===== Data extract =====

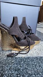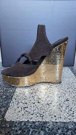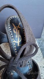 Sandali originali Yves Saint Lauren, semi nuovi, tessuto, con zeppa. Originali
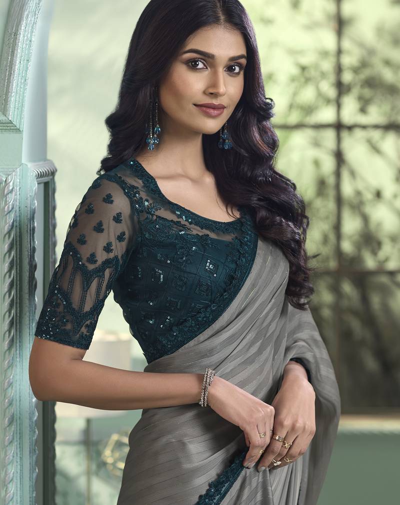 | Product Name | Silver Pattern Georgette Silk Blend Saree – Premium Festive Saree | |
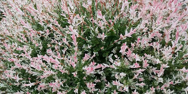 Fantastic variegated foliage of pink, white and bright apple green on a graceful, easy to grow shrub. Occasional pruning to shape promotes a flush of colorful new leaves. Foliage resists heat scorch and stands up to rain and wind. Shiny red stems add appeal even when bare in the winter landscape. Deciduous.

=====

# What is being asked
A verbatim copy of the listing, with all pictures removed, is required.

# Finished exercise
 Sandali originali Yves Saint Lauren, semi nuovi, tessuto, con zeppa. Originali
 | Product Name | Silver Pattern Georgette Silk Blend Saree – Premium Festive Saree | |
 Fantastic variegated foliage of pink, white and bright apple green on a graceful, easy to grow shrub. Occasional pruning to shape promotes a flush of colorful new leaves. Foliage resists heat scorch and stands up to rain and wind. Shiny red stems add appeal even when bare in the winter landscape. Deciduous.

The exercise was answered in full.